The implementation keeps backwards compatibility as this class has been a Pydantic Basemodel before.
- class bluecast.config.training_config.XgboostTuneParamsConfig(max_depth_min: int = 1, max_depth_max: int = 10, alpha_min: float = 1e-08, alpha_max: float = 100.0, lambda_min: float = 1.0, lambda_max: float = 100.0, gamma_min: float = 1e-08, gamma_max: float = 10.0, min_child_weight_min: float = 1.0, min_child_weight_max: float = 100.0, sub_sample_min: float = 0.1, sub_sample_max: float = 1.0, col_sample_by_tree_min: float = 0.1, col_sample_by_tree_max: float = 1.0, col_sample_by_level_min: float = 1.0, col_sample_by_level_max: float = 1.0, max_bin_min: int = 128, max_bin_max: int = 1024, eta_min: float = 0.001, eta_max: float = 0.3, steps_min: int = 1000, steps_max: int = 1000, verbosity_during_hyperparameter_tuning: int = 0, verbosity_during_final_model_training: int = 0, booster: List[str] | None = None, grow_policy: List[str] | None = None, tree_method: List[str] | None = None, xgboost_objective: str = 'multi:softprob', xgboost_eval_metric: str = 'mlogloss', xgboost_eval_metric_tune_direction: str = 'minimize')¶
Define hyperparameter tuning search space.
- Parameters:
max_depth_min – Minimum value for the maximum depth of the trees.

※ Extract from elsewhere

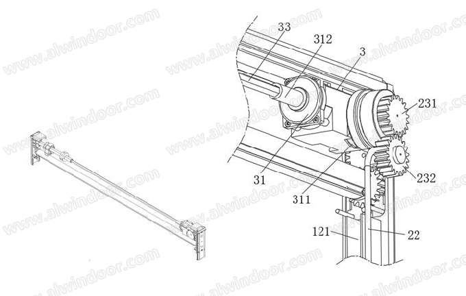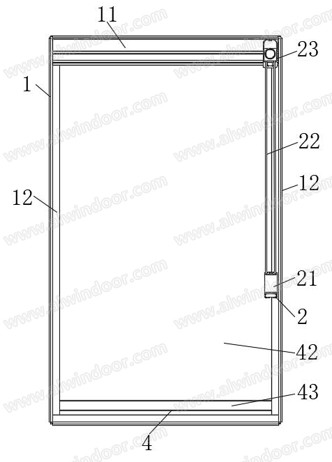 驅(qū)動組件2設(shè)于所述側(cè)框12的外部,所述驅(qū)動組件2不與所述側(cè)框12連接,所述側(cè)框12上無需設(shè)有給所述拉手21導(dǎo)向的導(dǎo)軌和凹槽。所述傳動組件3設(shè)于所述驅(qū)動組件2和所述卷簾組件4之間,用于使所述驅(qū)動組件2能夠帶動所述卷簾組件4。具體地,所述傳動組件3包括轉(zhuǎn)向機(jī)構(gòu)31和齒輪組32,所述轉(zhuǎn)向機(jī)構(gòu)31設(shè)于所述上框11內(nèi),所述控制機(jī)構(gòu)23與所述轉(zhuǎn)向機(jī)構(gòu)31相連接,所述轉(zhuǎn)向機(jī)構(gòu)31能夠?qū)⑺鼍砝K22的旋轉(zhuǎn)方向轉(zhuǎn)化為所述卷簾組件4的旋轉(zhuǎn)方向,所述轉(zhuǎn)向機(jī)構(gòu)31與所述齒輪組32連接,所述轉(zhuǎn)向機(jī)構(gòu)31能夠帶動所述齒輪組32進(jìn)行轉(zhuǎn)動,所述卷簾組件4包括卷簾管41和簾體42,所述卷簾管41的兩端與所述齒輪組32連接,所述卷簾管41的側(cè)部與所述簾體42連接,所述卷簾管41旋轉(zhuǎn)時,能夠帶動所述簾體42繞著所述卷簾管41轉(zhuǎn)動,所述卷繩22帶動所述轉(zhuǎn)向機(jī)構(gòu)31旋轉(zhuǎn)時,所述齒輪組32能夠帶動所述卷簾管41轉(zhuǎn)動,所述卷簾管41轉(zhuǎn)動時能夠帶動所述簾體42展開或卷收,從而實(shí)現(xiàn)對所述簾體42的手動控制。

Defaults to 1.
max_depth_max – Maximum value for the maximum depth of the trees. Defaults to 10.
alpha_min – Minimum value for L1 regularization term (alpha). Defaults to 1e-8.
alpha_max – Maximum value for L1 regularization term (alpha). Defaults to 100.
lambda_min – Minimum value for L2 regularization term (lambda). Defaults to 1.
lambda_max – Maximum value for L2 regularization term (lambda). Defaults to 100.
gamma_min – Minimum value for minimum loss reduction required to make a further partition on a leaf node of the tree (gamma). Defaults to 1e-8.
gamma_max – Maximum value for minimum loss reduction required to make a further partition on a leaf node of the tree (gamma). Defaults to 10.
min_child_weight_min – Minimum value for minimum sum of instance weight (hessian) needed in a child. Defaults to 1.
min_child_weight_max – Maximum value for minimum sum of instance weight (hessian) needed in a child. Defaults to 100.
sub_sample_min – Minimum value of subsample ratio of the training instances. Defaults to 0.1.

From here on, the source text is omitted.